== Data to use ==
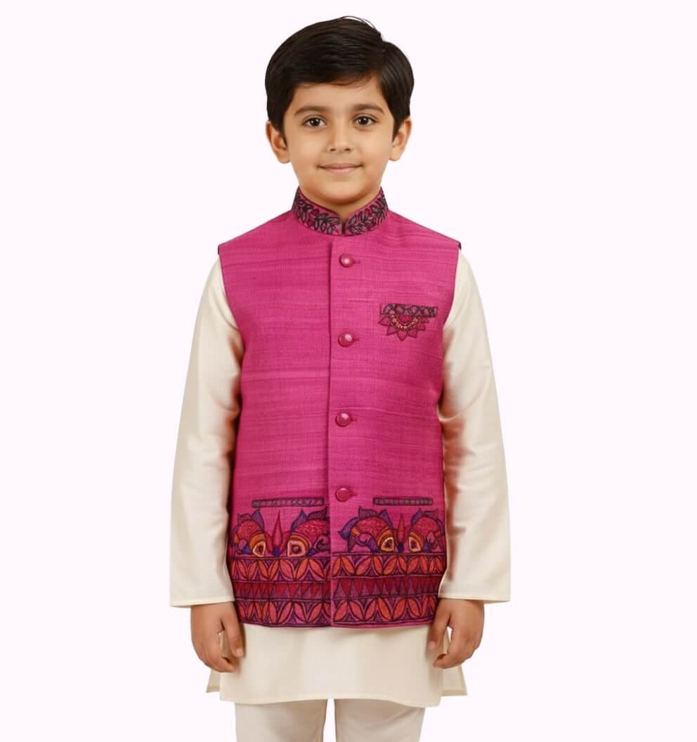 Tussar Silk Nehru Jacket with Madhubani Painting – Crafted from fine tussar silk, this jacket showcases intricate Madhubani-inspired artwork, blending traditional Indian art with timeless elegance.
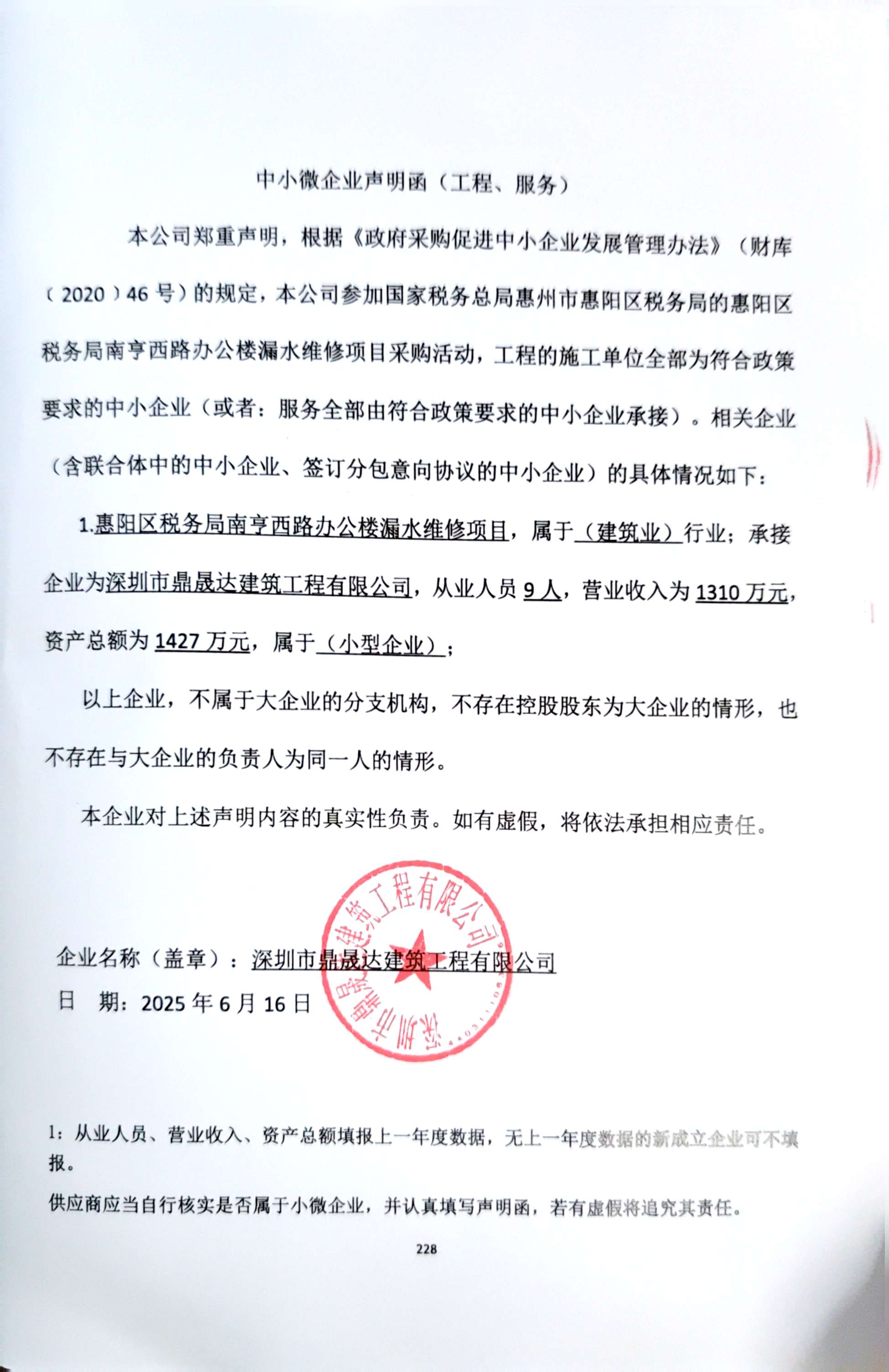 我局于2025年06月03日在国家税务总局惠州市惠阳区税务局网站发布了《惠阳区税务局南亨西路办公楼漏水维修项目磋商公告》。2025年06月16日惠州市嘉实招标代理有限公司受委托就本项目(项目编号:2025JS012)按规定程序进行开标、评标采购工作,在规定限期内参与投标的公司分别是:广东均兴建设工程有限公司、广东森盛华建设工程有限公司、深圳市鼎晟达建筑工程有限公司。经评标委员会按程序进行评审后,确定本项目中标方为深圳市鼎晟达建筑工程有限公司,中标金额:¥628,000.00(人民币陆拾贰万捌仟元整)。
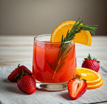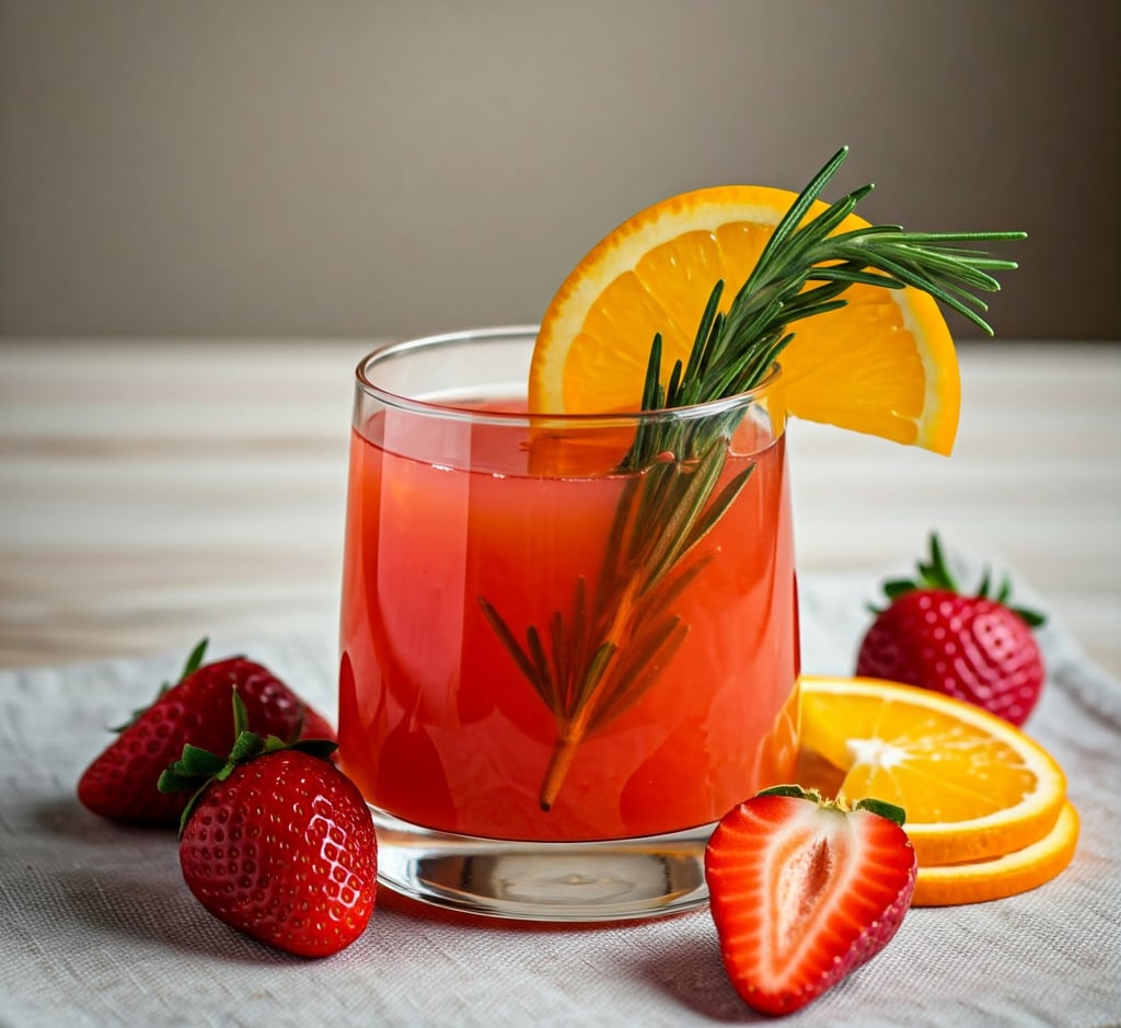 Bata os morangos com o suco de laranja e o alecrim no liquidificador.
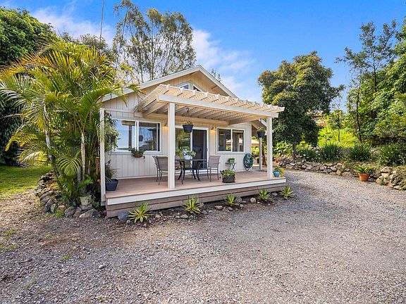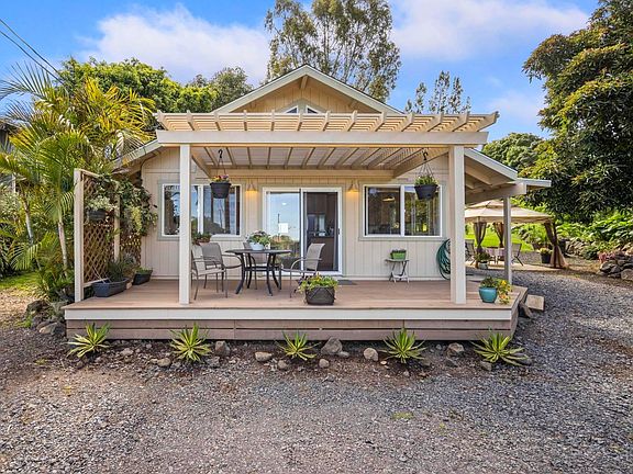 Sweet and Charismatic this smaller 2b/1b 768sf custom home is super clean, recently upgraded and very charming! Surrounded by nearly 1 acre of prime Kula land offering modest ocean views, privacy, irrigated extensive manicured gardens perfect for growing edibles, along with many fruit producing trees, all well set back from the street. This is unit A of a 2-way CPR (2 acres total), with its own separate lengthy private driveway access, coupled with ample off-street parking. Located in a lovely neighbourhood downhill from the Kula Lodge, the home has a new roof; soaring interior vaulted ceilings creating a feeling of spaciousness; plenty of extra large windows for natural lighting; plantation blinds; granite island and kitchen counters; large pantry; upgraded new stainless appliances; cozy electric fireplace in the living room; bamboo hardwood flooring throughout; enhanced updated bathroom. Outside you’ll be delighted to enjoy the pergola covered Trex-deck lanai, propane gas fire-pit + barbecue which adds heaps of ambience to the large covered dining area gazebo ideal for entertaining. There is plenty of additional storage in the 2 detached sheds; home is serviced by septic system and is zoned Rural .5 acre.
===
== Data to use ==
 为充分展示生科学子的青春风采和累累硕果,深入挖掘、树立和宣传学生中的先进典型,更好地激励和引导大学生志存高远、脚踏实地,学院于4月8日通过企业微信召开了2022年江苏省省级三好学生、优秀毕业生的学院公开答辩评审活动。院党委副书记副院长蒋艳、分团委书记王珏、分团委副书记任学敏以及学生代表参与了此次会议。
===
== Data to use ==
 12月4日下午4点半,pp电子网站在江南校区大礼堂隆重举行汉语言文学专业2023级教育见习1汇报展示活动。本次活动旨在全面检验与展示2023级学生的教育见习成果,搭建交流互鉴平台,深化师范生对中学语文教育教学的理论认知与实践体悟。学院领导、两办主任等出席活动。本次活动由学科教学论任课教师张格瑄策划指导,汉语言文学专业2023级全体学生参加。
===
What you will do: Take the material above from the line containing "Tussar Silk Nehru" up to and including the line containing "Bata os morangos" and retype it exactly, without any pictures.

Reply to the exercise:
 Tussar Silk Nehru Jacket with Madhubani Painting – Crafted from fine tussar silk, this jacket showcases intricate Madhubani-inspired artwork, blending traditional Indian art with timeless elegance.
 我局于2025年06月03日在国家税务总局惠州市惠阳区税务局网站发布了《惠阳区税务局南亨西路办公楼漏水维修项目磋商公告》。2025年06月16日惠州市嘉实招标代理有限公司受委托就本项目(项目编号:2025JS012)按规定程序进行开标、评标采购工作,在规定限期内参与投标的公司分别是:广东均兴建设工程有限公司、广东森盛华建设工程有限公司、深圳市鼎晟达建筑工程有限公司。经评标委员会按程序进行评审后,确定本项目中标方为深圳市鼎晟达建筑工程有限公司,中标金额:¥628,000.00(人民币陆拾贰万捌仟元整)。
 Bata os morangos com o suco de laranja e o alecrim no liquidificador.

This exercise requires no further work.